===== DATASET EXCERPT =====

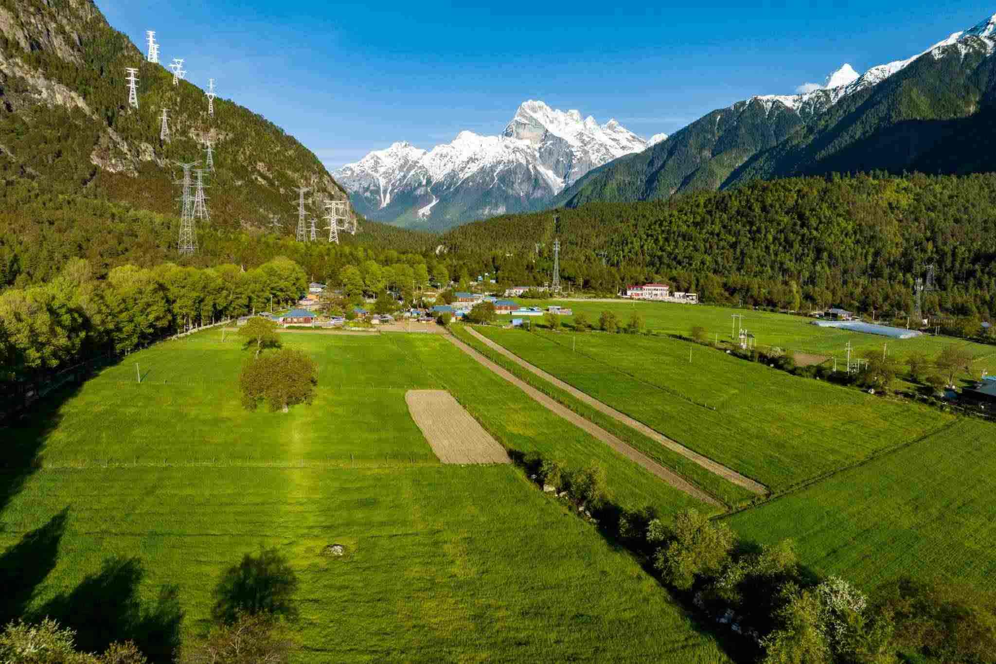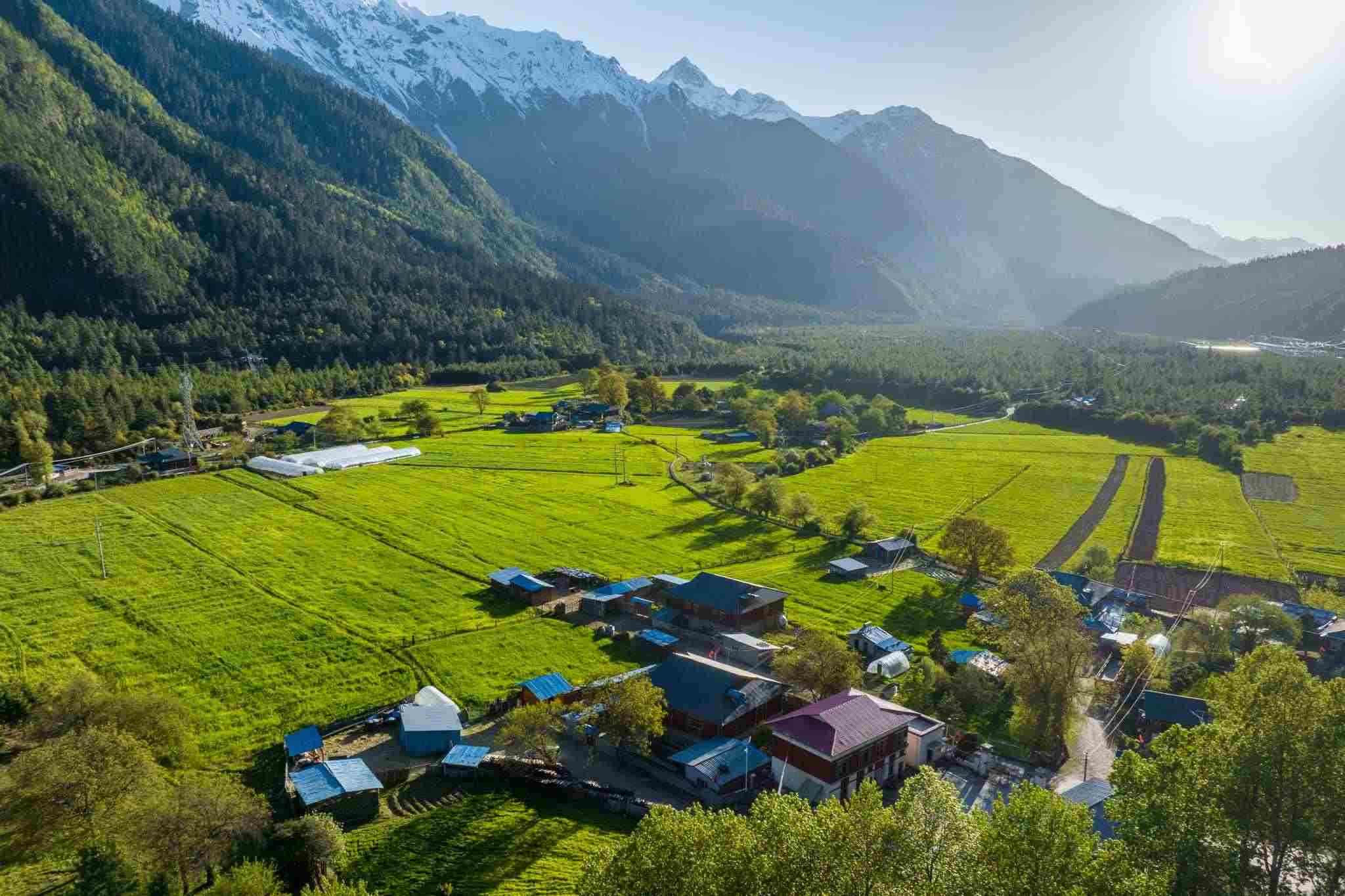 西藏林芝:村莊樹木茂密 遠處雪山巍峨
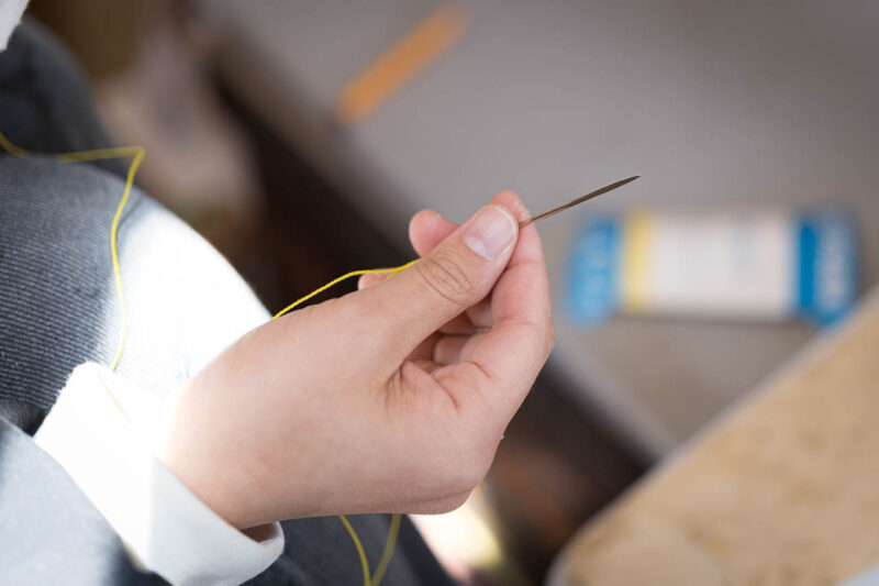 使用されるのは「三角針」と呼ばれる特殊な針。畳を縫う際にも用いられるもので、厚い革底に貫通させるためには力と正確さが求められる。指先に集中する力が、そのまま仕上がりの美しさへとつながる。
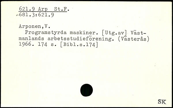 Programstyrda maskiner. [Utg.av] Västmanlands arbetsstudieförening.

=====

» EXERCISE
Only the lines from the one with "使用されるのは「三角針」と呼" through the last line of the listing belong in your answer; copy them exactly and skip the pictures.

» WRITTEN ANSWER
 使用されるのは「三角針」と呼ばれる特殊な針。畳を縫う際にも用いられるもので、厚い革底に貫通させるためには力と正確さが求められる。指先に集中する力が、そのまま仕上がりの美しさへとつながる。
 Programstyrda maskiner. [Utg.av] Västmanlands arbetsstudieförening.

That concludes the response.